Reputation: 85
I'm trying to select records from one table based on whether an item in a repeated field is located in a column in another table. I've been able to do this when explicitly listing the items I am testing for in my code, but not when selecting from another table. Let me demonstrate using the trigrams dataset:
Let's say that I wanted to select all records that had an appearance during certain years. But I don't just want just the data from those years - I want all the data associated with those records. If I just wanted the data for a few years I could do something like this (and this works):
SELECT ngram, first, second, third, fourth, fifth, cell.value, cell.volume_count,
SOME(cell.value in ('1800', '1801')) WITHIN RECORD AS valid
FROM [publicdata:samples.trigrams]
HAVING valid
However, instead of coding '1800' and '1801' into my query, I have a table years
that contains a set of years I am interested in. I would like this to work:
SELECT ngram, first, second, third, fourth, fifth, cell.value, cell.volume_count,
SOME(cell.value in (SELECT year_as_str FROM [mydataset.years])) WITHIN RECORD AS valid
FROM [publicdata:samples.trigrams]
HAVING valid
This doesn't work because bigquery requires that semi-joins be part of a WHERE
or HAVING
clause.
So I try to rearrange (back to the first query):
SELECT ngram, first, second, third, fourth, fifth, cell.value, cell.volume_count
FROM [publicdata:samples.trigrams]
HAVING SOME(cell.value in ('1801', '1802')) WITHIN RECORD
This results in an error Encountered " "WITHIN" "WITHIN "" ... Was expecting <EOF>
So now without the WITHIN RECORD
:
SELECT ngram, first, second, third, fourth, fifth, cell.value, cell.volume_count
FROM [publicdata:samples.trigrams]
HAVING SOME(cell.value in ('1801', '1802'))

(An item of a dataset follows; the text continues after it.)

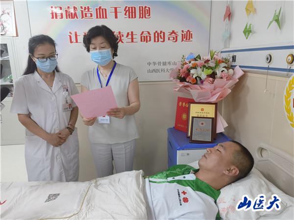 (第二医院血液科马艳萍主任、山西分库高凡主任为捐献者授牌)

This results in an error SELECT clause has mix of aggregations '...' and fields '...' without GROUP BY clause
But I'm not aggregating! So now I move the filter into a WHERE
:
SELECT ngram, first, second, third, fourth, fifth, cell.value, cell.volume_count
FROM [publicdata:samples.trigrams]
WHERE SOME(cell.value in ('1801', '1802'))

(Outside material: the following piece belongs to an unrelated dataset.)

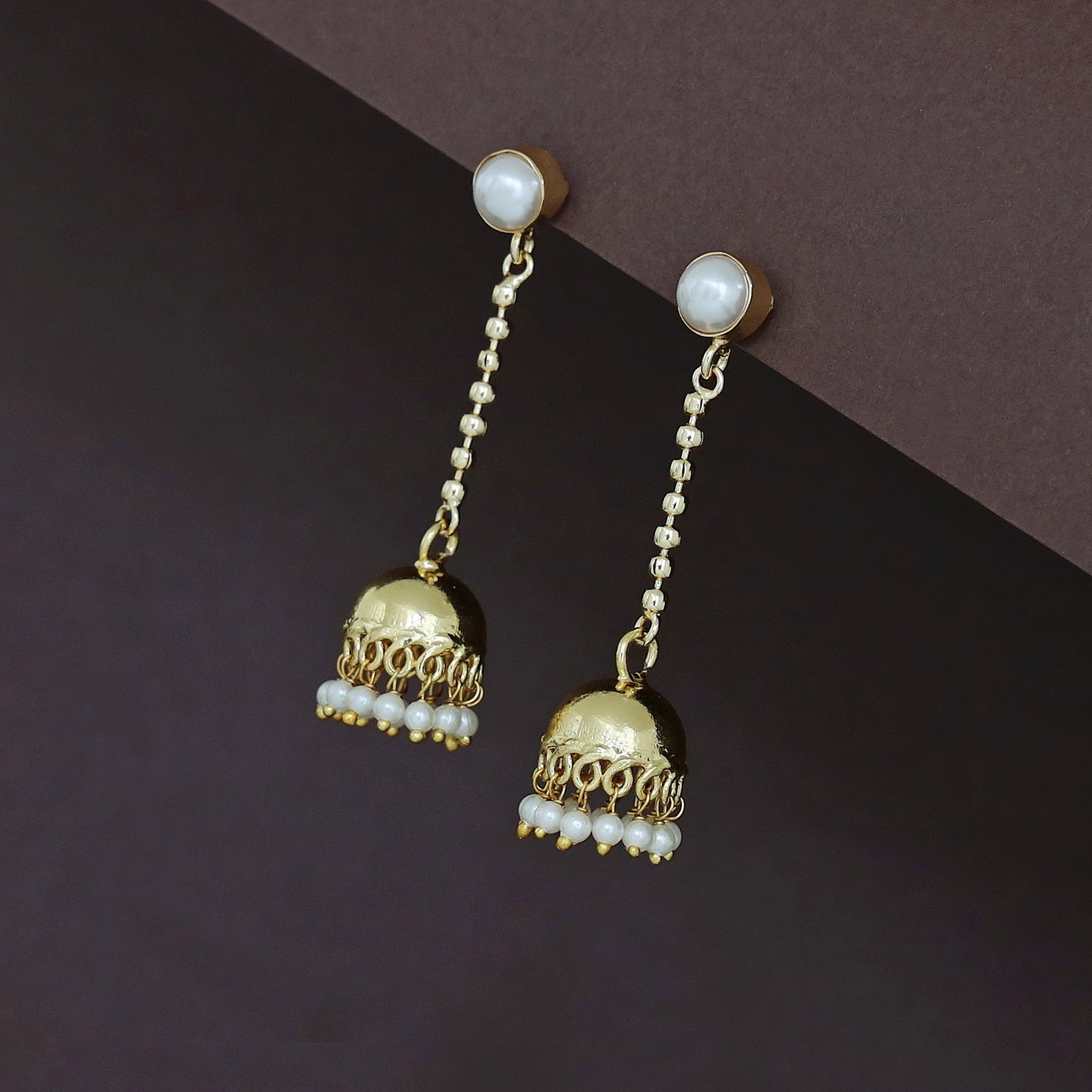 Advika Hanging Golden Ball Pearl Jhumka

And this tells me that Invalid function name: SOME
. What?!
Is there a way to get the behavior I am looking for with BigQuery?
Upvotes: 1
Views: 574
Reputation: 3251
You can use the OMIT RECORD IF
clause for this. This may require double negation, since you need to omit records that meet some condition. The following query should work:
SELECT ngram, first, second, third, fourth, fifth, cell.value, cell.volume_count
FROM [publicdata:samples.trigrams]
OMIT RECORD IF EVERY(cell.value NOT IN ('1801', '1802'))
Upvotes: 0
Reputation: 173046
Below solves your example and I hope you will be able to extend it to your real use case (if you will like solution)
SELECT
ngram, cell.value, cell.volume_count,
cell.volume_fraction, cell.page_count, cell.match_count
FROM [publicdata:samples.trigrams] AS trigrams
JOIN (
SELECT ngram AS qualified
FROM (
FLATTEN((SELECT ngram, cell.value AS value
FROM (FLATTEN([publicdata:samples.trigrams], cell.value))), value)
) AS t
JOIN [mydataset.years] AS y
ON y.year_as_str = t.value
GROUP BY 1
) AS valid
ON valid.qualified = trigrams.ngram
Please pay attention to the fact that in [publicdata:samples.trigrams]
the field cell.value
is REPEATED STRING
- that is why you see "extra" FLATTEN things
Upvotes: 1